The movie scene that always makes Ana de Armas cry: “It kills me every time”

If there’s one thing you can count on Pixar to do, it’s obliterate audiences through the most singularly devastating scenes of all time. The beloved animation studio has held our hearts in their hands since the very beginning, possessing the unique ability to create stories that flit through the entire spectrum of human feeling, making films that are life-affirming, nostalgic and completely crushing.

As a child, their stories wash over you and lull you into a state of blissful peace, but as an adult, it’s an entirely different story – the opening to Up or final door scene in Monsters Inc will leave you a complete snivelling wreck, wondering how you ever mustered the strength to withstand this level of emotional terrorism as a child.

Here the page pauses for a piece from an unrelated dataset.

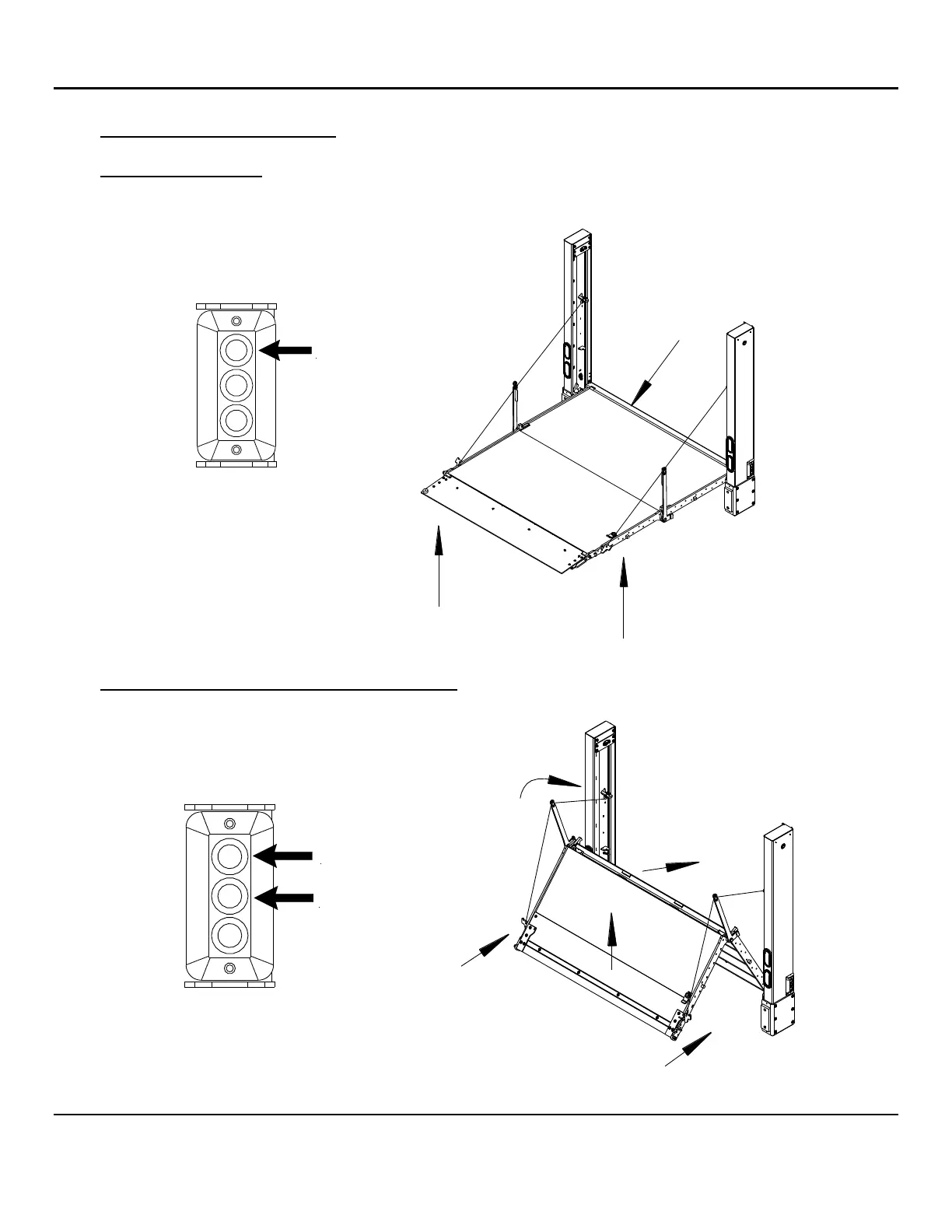5. Bleeding the system: With the platform at bed level, push the “UP” button for thirty (30) seconds. This
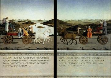 | Keywords: Piero, Double portrait of the Dukes of Urbino 04.jpg Artwork Creator Piero della Francesca Die Triumphzüge des Federico da Montefeltro und der Battista Sforza en The Triumphs of Federico da Montefeltro and Battista Sforza Les Triomphes de Federico da Montefeltro et de Battista Sforza I Trionfi di Federico da Montefeltro e di Battista Sforza 1472 Oil Wood cm 47 33 Institution Uffizi Florence Federigo da Montefeltre Herzog von Urbino Rückseiten eines Diptychons vgl Pendantporträts des Herzogs und seiner Frau auf der Vorderseite www wga hu PD-old-100 Other versions <gallery> File Piero della Francesca 047 jpg File Piero della Francesca 047 jpg File Piero Double portrait of the Dukes of Urbino 06 jpg File Piero Double portrait of the Dukes of Urbino 06 jpg File Piero Double portrait of the Dukes of Urbino 05 jpg File Piero Double portrait of the Dukes of Urbino 05 jpg File Piero Double portrait of the Dukes of Urbino landscape continuation jpg File Piero Double portrait of the Dukes of Urbino landscape continuation jpg </gallery> Double portrait of the Dukes of Urbino R0 Chariots in paintings Reverses of paintings Oil paintings of horses Piero della Francesca Trionfi dei duchi di Urbino 00 Oil paintings of unicorns Piero della Francesca Trionfi dei duchi di Urbino 00 Images from Web Gallery of Art Category WGA form painting WGA type portrait WGA School Italian WGA time period 1451-1500 1460s portrait paintings |

But despite this, we keep going back, feeling comforted by the stories we loved as children and returning to the familiarity of the characters who sparked our love for film in the first place. It could be the timeless ensemble cast of Toy Story, the ingenious casting of a real-life rat in Ratatouille or the hidden reference to The Shining in Finding Nemo, but regardless, Pixar films have become a cure-all for the pains of adult life, even if they make us cry in the process. It’s for this reason that Ana de Armas is such a huge fan of the studio, describing the one scene from their work that always brings on the water works.

The day that a film was pitched, which took place inside the human mind, with the characters voicing the different emotions in our brain, cinematic history was made. Inside Out is perhaps one of the most profound and revolutionary films from Pixar’s filmography, with the studio finding a way for young people to articulate their feelings through the concepts created in the film and allow adults to reminisce on the memories and experiences that best define who we are. 

The idea of personality island and core memories is one that still lingers in our collective lingo, allowing us to get in touch with a deeper part of ourselves and visualise it in a way we couldn’t before. But while it might be helpful on an emotional level and also highly entertaining, it can also bring up bittersweet memories relating to parts of ourselves that have been lost and people who have left our lives along the way.

When discussing this, de Armas described the moment that truly got to her, saying, “I cry and am very emotional with everything, I probably cry every day watching something. But I think, you know the scene in Inside Out when Bing Bong and Joy are trying to get on the rocket and just go up, and he lets himself off the rocket, and he just stays there and disappears. It kills me every time”. 

It’s a moment that destroyed audiences all over the world, with people joining together in their misery over Bing Bong’s death and the struggles that Joy faces to prevent Riley from becoming completely depressed and emotionally desolate. While we might feel snippets of intense joy and comfort through Pixar movies, they also know how to appeal to the inner child and completely destroy it, leaving us feeling as fragile as de Armas did after watching it.